Studio album by Sweetbox
- Released: 2002 (Standard Edition) 2003 (Silver Edition)
- Genre: Pop; classical crossover; R&B;
- Length: 39:16 (12 song version) 39:21 (Silver Edition)
- Label: Paramedia
- Producer: Roberto Geo Rosan

Sweetbox chronology
| Classified (2001) | Jade (2002) | Adagio (2004) |

Singles from Jade
- "Read My Mind" Released: 2002; "Here On My Own (Lighter Shade Of Blue)" Released: 2002;

= Jade (Sweetbox album) =

Jade is the third album of Sweetbox and the second with Jade Villalon as a frontwoman. It was released in 2002 in Japan and Europe, 2003 in Taiwan, and 2004 in Korea. Although similar to Classified, the album saw new influences emerging, and showcased a number of tracks, such as "Lighter Shade of Blue", that had not sampled famous classical pieces.

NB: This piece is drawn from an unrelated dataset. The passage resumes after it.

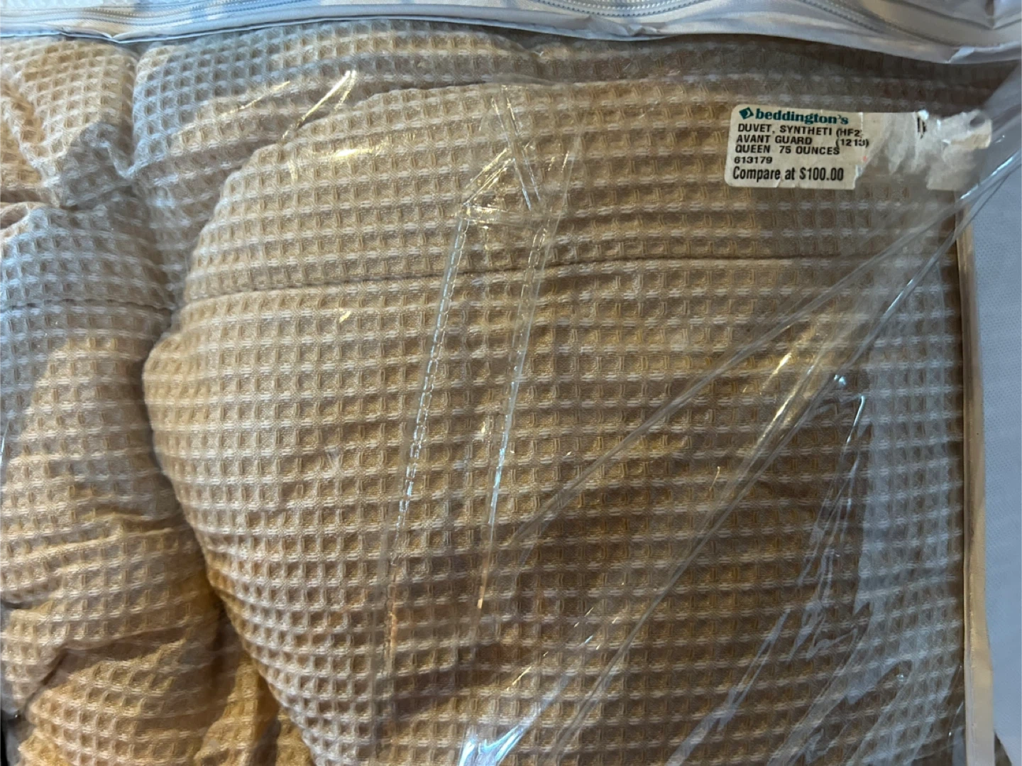 Selling a brand new Heddington queen duvet cover! It's a synthetic duvet, and it weighs 75 ounces. The original price was $100. The waffle pattern is so nice!

A year later, a Silver edition was released with acoustic versions of some of the songs, including remixes and the re-vamped, re-done version of "Lighter Shade of Blue" that was featured on the "Here on My Own" music video, and a bonus DVD with three music videos.

==Track listing==

Standard Edition
| No. | Title | Length |
|---|---|---|
| 1. | "Human Sacrifice" | 3:19 |
| 2. | "Read My Mind" | 3:05 |
| 3. | "Unforgiven" | 3:18 |
| 4. | "Lighter Shade Of Blue" | 3:49 |
| 5. | "Utopia" | 3:00 |
| 6. | "Don't Push Me" | 3:14 |
| 7. | "On The Radio" | 3:12 |
| 8. | "Alright" | 3:02 |
| 9. | "Stay" (Siobhan Fahey, Marcella Detroid, David A. Stewart) | 3:32 |
| 10. | "Falling" | 3:58 |
| 11. | "Fool Again" | 3:04 |
| 12. | "Easy Come, Easy Go" | 2:52 |
| Total length: |  | 39:16 |

Japanese Edition
| No. | Title | Length |
|---|---|---|
| 13. | "Always on My Mind" (Johnny Christopher, Mark James, Wayne Carson) | 2:48 |
| 14. | "One Kiss (Acoustic Version)" | 3:17 |

Taiwanese Edition
| No. | Title | Length |
|---|---|---|
| 13. | "Read My Mind (Acoustic Version)" | 3:24 |
| 14. | "Unforgiven (Geo's Mix)" | 3:19 |

Silver Edition
| No. | Title | Length |
|---|---|---|
| 1. | "Alright" | 3:04 |
| 2. | "Don't Push Me" | 3:26 |
| 3. | "Utopia" | 3:00 |
| 4. | "Lighter Shade Of Blue" | 3:52 |
| 5. | "Not Your Doctor" | 3:43 |
| 6. | "Human Sacrifice" | 3:05 |
| 7. | "Unforgiven" | 3:00 |
| 8. | "Easy Come, Easy Go" | 2:43 |
| 9. | "Read My Mind (Acoustic Version)" | 3:23 |
| 10. | "Unforgiven (Geo's Mix)" | 3:16 |
| 11. | "Here On My Own (Lighter Shade Of Blue)" | 3:32 |
| 12. | "Read My Mind (Jazztronic Mix)" | 3:19 |
| Total length: |  | 39:21 |

Video Clips DVD
| No. | Title | Length |
|---|---|---|
| 1. | "Read My Mind" |  |
| 2. | "Unforgiven" |  |
| 3. | "Here On My Own (Lighter Shade Of Blue)" |  |

==Credits==
Standard Edition
- Backing Vocals - Denise, Mucky
- Executive Producer – Heiko Schmidt
- Vocals - Jade Villalon
- Mixed By - Geoman
Silver Edition
- Guitar - Geo
- Guitar, Mandolin - Holger Düchting
- Guitar (Bass) - Oliver Poschmann
- Guitars, Backing Vocals - Toby Breitenbach
- Percussion - Tilman Bruno
- Producer - Geoman
- Backing Vocals - Denise
- Written By - Geoman, Villalon

==Samples==
- "Human Sacrifice" samples 'Pavane (Fauré)' from Gabriel Fauré
- "Don't Push Me" samples 'Moonlight Sonata' from Beethoven
- "Read My Mind" samples 'Cavalleria Rusticana' from Pietro Mascagni
- "Sacred" samples 'Boléro' from Maurice Ravel

==Certifications==

| Region | Certification | Certified units/sales |
| Japan (RIAJ) | Gold | 100,000^{^} |
^{^} Shipments figures based on certification alone.